The Wealden outcrops in Dorset and Isle of Wight southern England and the study sample locations, Yaverland is part of Sandown Bay, after Radley and Barker (1998a)

2 Geological settings

The Wessex Basin (Fig. 1) has been described in detail (e.g. Akinlotan & Rogers, 2021; Daley & Stewart, 1979; Stewart, 1978; Stewart et al., 1991) and briefly summarised here. The non-marine lowermost Cretaceous sediments exposed in coastal areas of Dorset (Fig. 1) and Isle of Wight (Fig. 1) and generally equate to the Wessex Basin and range from the Berriasian to earliest Aptian (Stewart, 1978). The basin developed as one of the rifted basins associated with the Permo-Triassic rifting episodes in southern England (Lake & Karner, 1987; Stoneley, 1982). The basin is normally divided into two formations (Fig. 2): Wessex and Vectis which were previously known as Wealden Marls and Wealden Shales respectively (Stewart, 1978).

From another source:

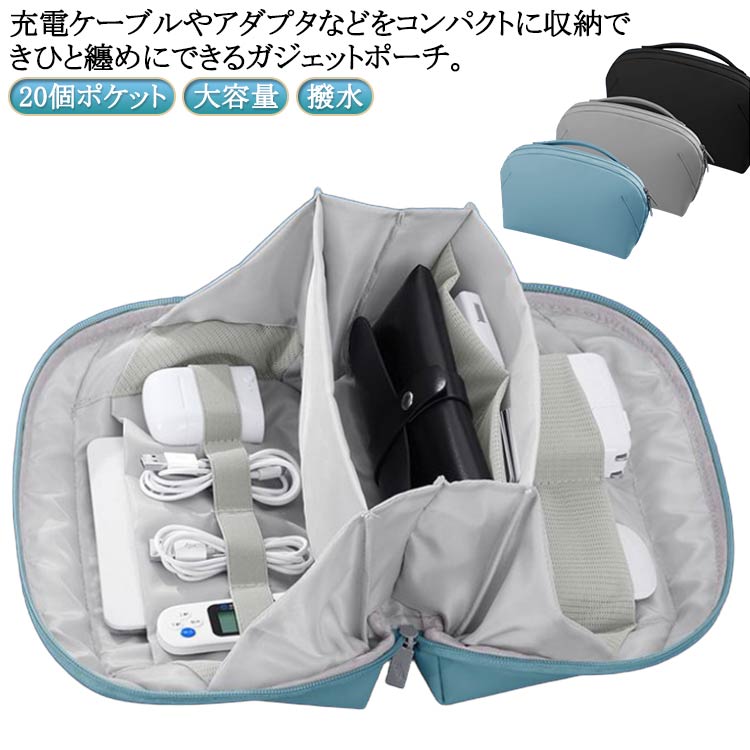 小物ポーチ 持ち手付き 持ち運び 撥水 充電器 ケーブル 収納 ガジェットポーチ ケース トラベルポーチ 大容量 収納ポーチ バッグインバッグ 化粧ポーチ 旅行ポーチ 小物入れ
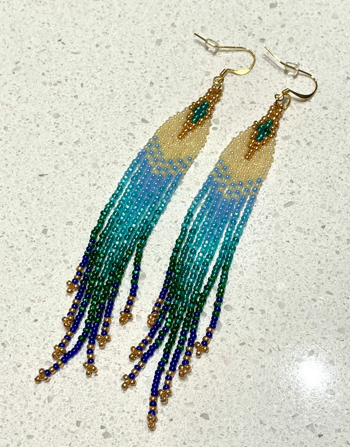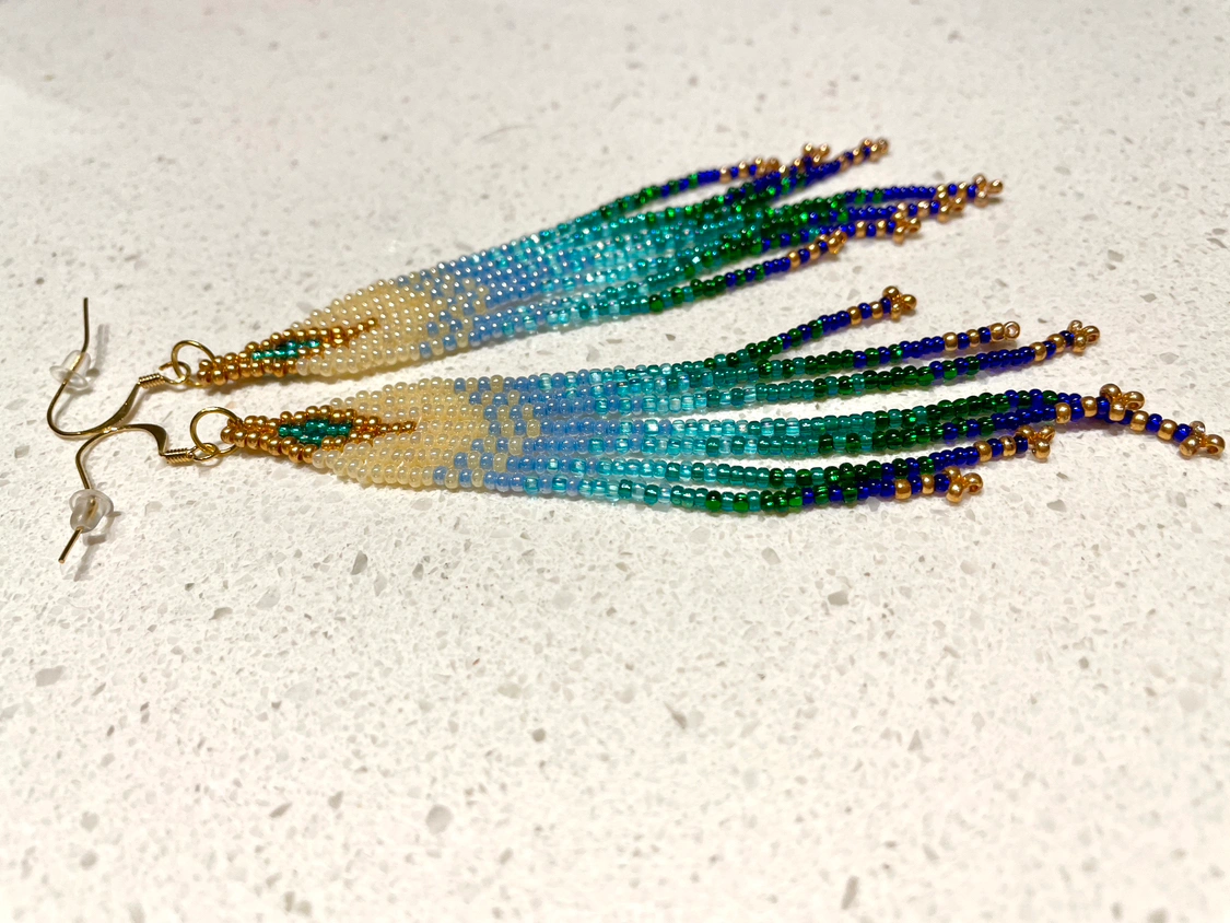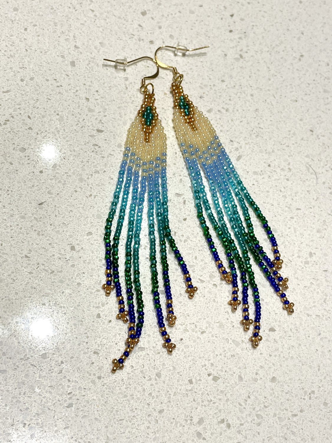 Pick up at Dundas and River Made by Juliet Mackie, a Métis artist in Montreal. 5” long, beautiful oceanic colours. Very elegant Originally purchased at $60

All these sediments within the basin were sourced from adjacent massifs: mainly Cornubia and Armorica (Allen, 1975, 1981) and were deposited in non-marine environments including fluvial and lagoonal settings (Stewart, 1981a, 1981b, 1983).

Fig. 2
figure 2

The Lower Cretaceous stratigraphy at Isle of Wight after Radley and Allen (2012b)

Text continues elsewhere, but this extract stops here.